Sécurité MariaDB sur Amazon RDS - Amazon Relational Database Service

Les traductions sont fournies par des outils de traduction automatique. En cas de conflit entre le contenu d'une traduction et celui de la version originale en anglais, la version anglaise prévaudra.

Sécurité MariaDB sur Amazon RDS

La sécurité des instances de base de données MariaDB est gérée à trois niveaux :

  • AWS Identity and Access Management contrôle les personnes autorisées à exécuter des actions de gestion Amazon RDS sur des instances de base de données. Lorsque vous vous connectez à AWS en utilisant les informations d'identification IAM, votre compte IAM doit disposer des stratégies IAM qui accordent les autorisations requises pour exécuter les opérations de gestion d'Amazon RDS. Pour plus d'informations, consultez Identity and Access Management pour Amazon RDS.

  • Lorsque vous créez une instance de base de données, vous utilisez un groupe de sécurité VPC pour contrôler les appareils et les instances Amazon EC2 qui peuvent ouvrir des connexions au point de terminaison et au port de l'instance de base de données. Ces connexions peuvent être établies en utilisant le protocole SSL (Secure Socket Layer) et le protocole TLS (Transport Layer Security). En outre, les règles de pare-feu de votre entreprise peuvent contrôler si les appareils en cours d'exécution dans votre entreprise peuvent ouvrir des connexions à l'instance de base de données.

  • Une fois qu'une connexion a été ouverte sur une instance de base de données MariaDB, l'authentification de la connexion et les autorisations sont appliquées de la même manière que dans une instance autonome de MariaDB. Les commandes telles que CREATE USER, RENAME USER, GRANT, REVOKE et SET PASSWORD fonctionnent de la même façon que dans les bases de données autonomes, comme le fait la modification directe des tables du schéma de base de données.

Lorsque vous créez une instance de base de données Amazon RDS, l'utilisateur principal a les privilèges par défaut suivants :

  • alter

  • alter routine

  • create

  • create routine

  • create temporary tables

  • create user

  • create view

  • delete

  • drop

  • event

  • execute

  • grant option

  • index

  • insert

  • lock tables

  • process

  • references

  • reload

    Ce privilège est limité sur les instances de base de données MariaDB. Il n'accorde pas l'accès aux opérations FLUSH LOGS ou FLUSH TABLES WITH READ LOCK.

  • replication client

  • replication slave

  • select

  • show databases

  • show view

  • trigger

  • update

Pour plus d'informations sur ces privilèges, consultez Gestion des comptes d'utilisateur dans la documentation MariaDB.

Note

Bien que vous puissiez supprimer l'utilisateur principal sur une instance de base de données, il est déconseillé d'agir ainsi.
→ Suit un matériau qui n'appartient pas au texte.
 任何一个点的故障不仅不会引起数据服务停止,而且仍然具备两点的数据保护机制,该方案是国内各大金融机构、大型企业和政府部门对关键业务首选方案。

Pour recréer l'utilisateur maître, utilisez l'API ModifyDBInstance ou l'outil de ligne de commande modify-db-instance AWS CLI et spécifiez un nouveau mot de passe utilisateur maître avec le paramètre approprié. Si l'utilisateur maître n'existe pas dans l'instance, il est créé avec le mot de passe spécifié.

Pour fournir des services de gestion à chaque instance de base de données, l'utilisateur rdsadmin est créé lors de la création de l'instance de base de données. Les tentatives de supprimer, renommer et modifier le mot de passe du compte rdsadmin, ou d'en modifier les privilèges, génèrent une erreur.
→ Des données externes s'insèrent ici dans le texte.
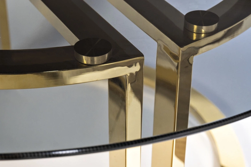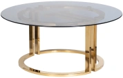 Изысканный журнальный стол в стиле ар-деко - творение дизайнеров Garda Design Studio. Оригинальная опора-подстолье из полированной стали цвета золота, выполненная в форме литер GD - Garda Decor, просвечивает сквозь столешницу из тонированного закаленного стекла. Стильный и роскошный столик украсит вашу гостиную или спальную комнату. Кофе или шампанское, сервированные на таком столике, покажутся особенно вкусными и необыкновенными, а обстановка - богемной. Толщина столешницы - 8мм.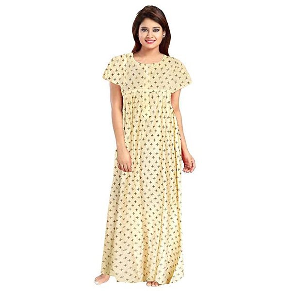 100% soft cotton fabric for ultimate comfort Length: Full Ankle Length Size: Nighty comes in free size and completely adjustable . It will make you feel pretty and pampered all at the same time Wash Care.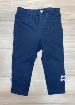 柔らかいフリース素材の薄いピンクのパンツ、リボン付きで可愛らしいデザイン。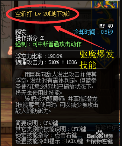 DNF驱魔白金徽章选择三:选择驱魔改版后新加的一个爆发技术“空斩打”。

Pour autoriser la gestion de l'instance de base de données, les commandes standard kill et kill_query ont fait l'objet de restrictions. Les commandes Amazon RDS mysql.rds_kill, mysql.rds_kill_query et mysql.rds_kill_query_id sont fournies pour être utilisées dans MariaDB et dans MySQL également, de telle sorte que vous puissiez mettre fin aux sessions utilisateur ou aux requêtes sur les instances de base de données.